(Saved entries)

-*-

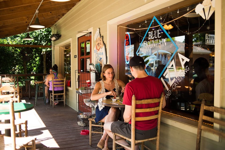 - Blue Mountain, a family friendly, neighborhood place to sit, relax, have some great food, a cold beer, listen to wonderful music, get up on stage for open mic night or just sit out on our front porch and enjoy the day. A place for the town of Weaverville and points north to call their own. Come with your family, friends or come alone and meet new neighbors.
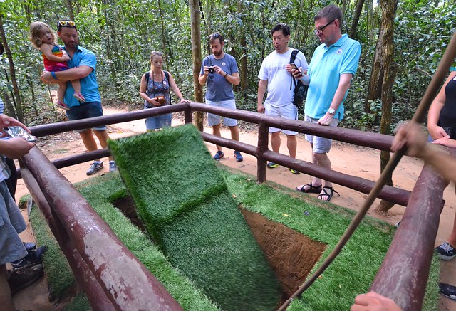 The guide proceeded to pick a cover from the heap of dried leaves. We then realized that it was the entry point to the tunnels. For the enemies not to discover the passages, the constricted pits are covered and stacked with leaves to camouflage on the forest floor. Our guide dared one of the German guys on the group to enter the tunnel on that hole. He just gave instructions on how to navigate the tunnels and head to the exit hole a few meters away.
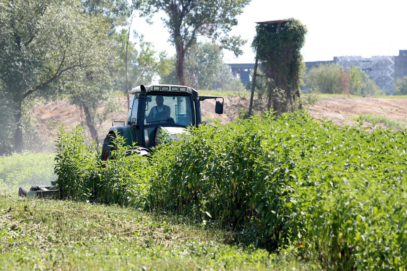 Na licu mjesta, već nakon prolaska ulazne rampe, zatekli smo radnike koji pilama i škarama čiste ono što strojevi nisu mogli. Malo dalje u akciji je bio i veliki malčer koji je uništavao sve raslinje tanje od 10 centimetara.
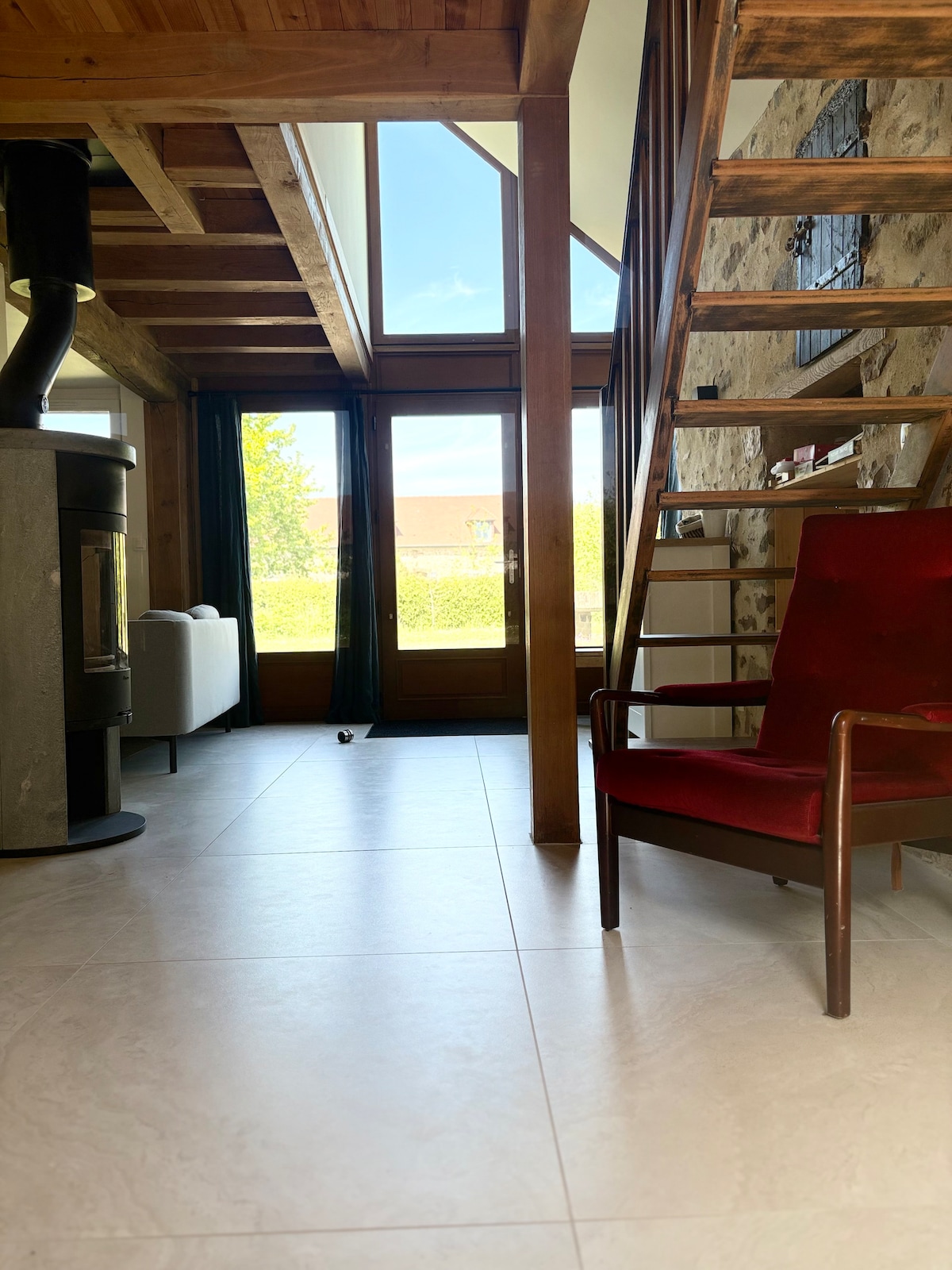 Este alojamiento muestra un estilo decididamente único. ¡Es como en la película «Habitación con vistas», pero en Sainte-Suzanne! Se duerme ante el paisaje de Coëvrons bañado por los colores de la puesta de sol y se despierta con el sol. ¡Luego desayunas en la terraza con esta decoración sublime!
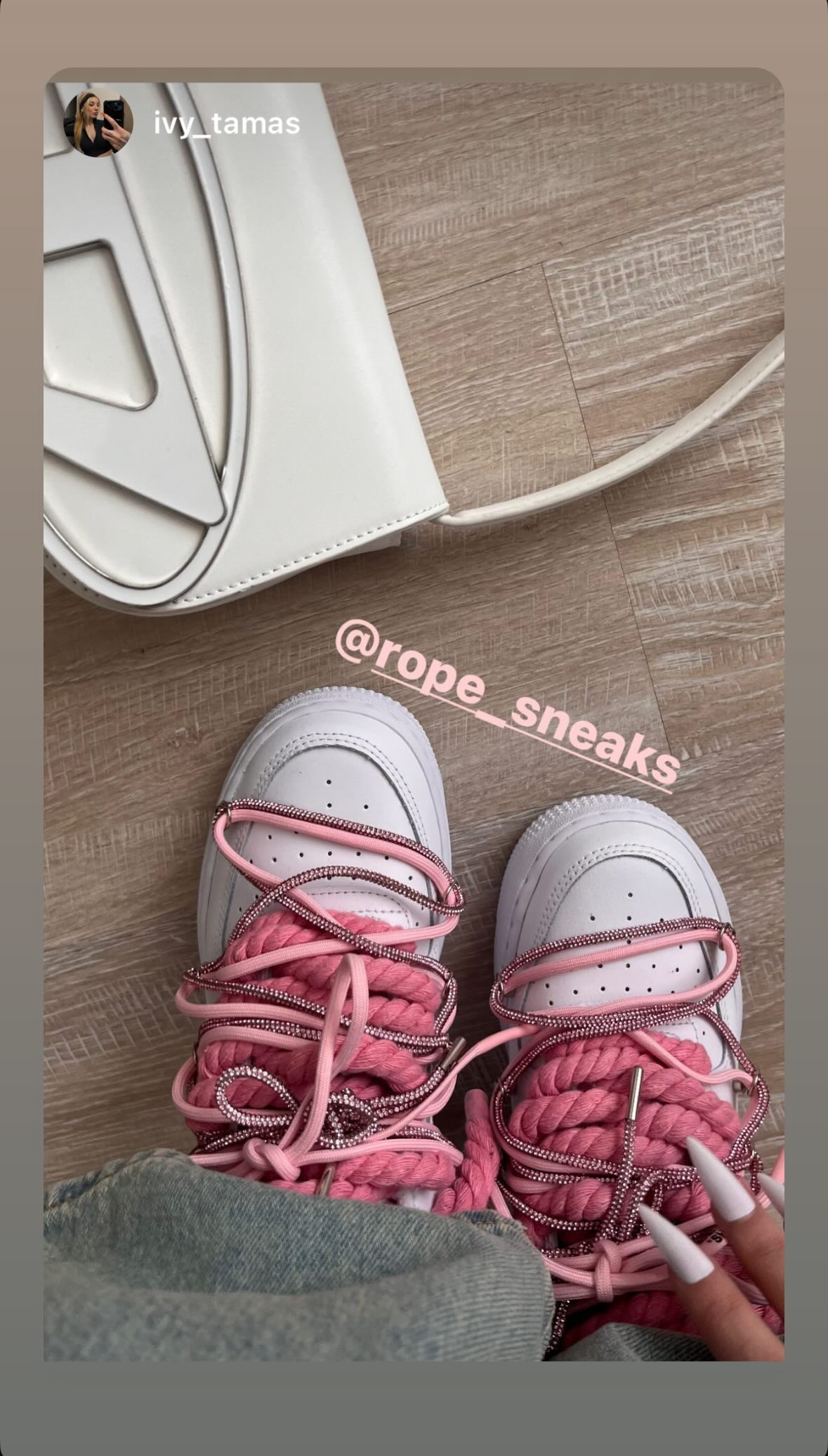 Nike Air Force 1 White "Silver Pink Diamond Overlace"

-*-

**Work request**
Set down every entry above without alteration, but print no images.

**Answer**
 - Blue Mountain, a family friendly, neighborhood place to sit, relax, have some great food, a cold beer, listen to wonderful music, get up on stage for open mic night or just sit out on our front porch and enjoy the day. A place for the town of Weaverville and points north to call their own. Come with your family, friends or come alone and meet new neighbors.
 The guide proceeded to pick a cover from the heap of dried leaves. We then realized that it was the entry point to the tunnels. For the enemies not to discover the passages, the constricted pits are covered and stacked with leaves to camouflage on the forest floor. Our guide dared one of the German guys on the group to enter the tunnel on that hole. He just gave instructions on how to navigate the tunnels and head to the exit hole a few meters away.
 Na licu mjesta, već nakon prolaska ulazne rampe, zatekli smo radnike koji pilama i škarama čiste ono što strojevi nisu mogli. Malo dalje u akciji je bio i veliki malčer koji je uništavao sve raslinje tanje od 10 centimetara.
 Este alojamiento muestra un estilo decididamente único. ¡Es como en la película «Habitación con vistas», pero en Sainte-Suzanne! Se duerme ante el paisaje de Coëvrons bañado por los colores de la puesta de sol y se despierta con el sol. ¡Luego desayunas en la terraza con esta decoración sublime!
 Nike Air Force 1 White "Silver Pink Diamond Overlace"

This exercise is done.